Telematics and eco-driving solutions

With eco-driving solutions becoming increasingly common in passenger vehicles, attention is shifting from growing penetration rates to how to get drivers to stick with them past an initial rush of enthusiasm, how to broaden their appeal to older, more conservative drivers and how to translate their rich driving behavior data into further fuel savings.

A typical eco-driving solution today, and pretty much every carmaker offers one kind or another, looks at acceleration, braking, gear changes and speed, and nudges the driver toward a more economical pattern of lower revs, higher gears and stable cruising speeds via in-dash clues or more complex performance charts for offline viewing.

Stay with the regiment for a month, and eco-driving will become second nature, carmakers say, promising fuel savings of up to 25 percent. The problem is, many drivers start backsliding once the novelty of eco-driving wears off, and others are simply beyond reach.

“The thing we are challenged with is you can’t really drive to save fuel,” says Paul Aldighieri, a human machine interface (HMI) engineer at Ford. “The reasons why people drive tend to do with either getting some place quickly or … driving for the fun of it, which typically comes from the Gs, the acceleration, the braking and the handling. Both of these things … are a challenge to fuel economy.” (For more on HMIs, see Industry insight: Telematics and the human-machine interface.)

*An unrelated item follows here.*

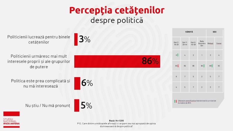 Şi plecăm de la cifre - poate cea mai importantă - 86% cred că politicienii urmăresc mai mult interesele proprii şi ale grupului din care fac parte. Iar cei mai vehemenţi respondenţi sunt cei din generaţia "baby boomers" care manifestă un nivel ridicat de neîncredere, ei cred că fără îndoială clasa politică nu se uită la binele societăţii.

Challenges to fuel economy

How automakers meet this challenge varies widely. Aldighieri and his colleagues at Ford, for example, have immersed themselves in the study of behavior modification and behavioral economics in order to figure out how to give their eco-driving solutions the widest possible appeal.

The way they see it is the driver’s “little ego” will always want to drive the car for the fun of it. But they have also found that there are ways it can be coaxed into a more eco-friendly behavior, much in the same way diners can be subconsciously encouraged to eat healthier food by placing it in a more desirable place in a cafeteria.

What they also learned is that it matters a great deal how eco-driving suggestions are presented.

An instantaneous fuel economy gauge, a predecessor of most of today’s solutions, was easy for drivers to understand but fairly ineffective in altering behavior as it was not providing information the drivers already didn’t know, such as: Floor it and your fuel economy goes out the window.

In 2008, Ford therefore unveiled an alternative: a green vine that grew lusher with greener driving behavior. This solution appealed to the emotional side of the driver and received glowing reviews for innovation but turned out a bit too abstract for some drivers.

Therefore, in 2011, the company introduced yet another alternative as part of its EcoMode solution: a series of three flowers that grew petals depending on efficiency of gear changes, speed and anticipation; i.e. how smoothly a vehicle is being driven.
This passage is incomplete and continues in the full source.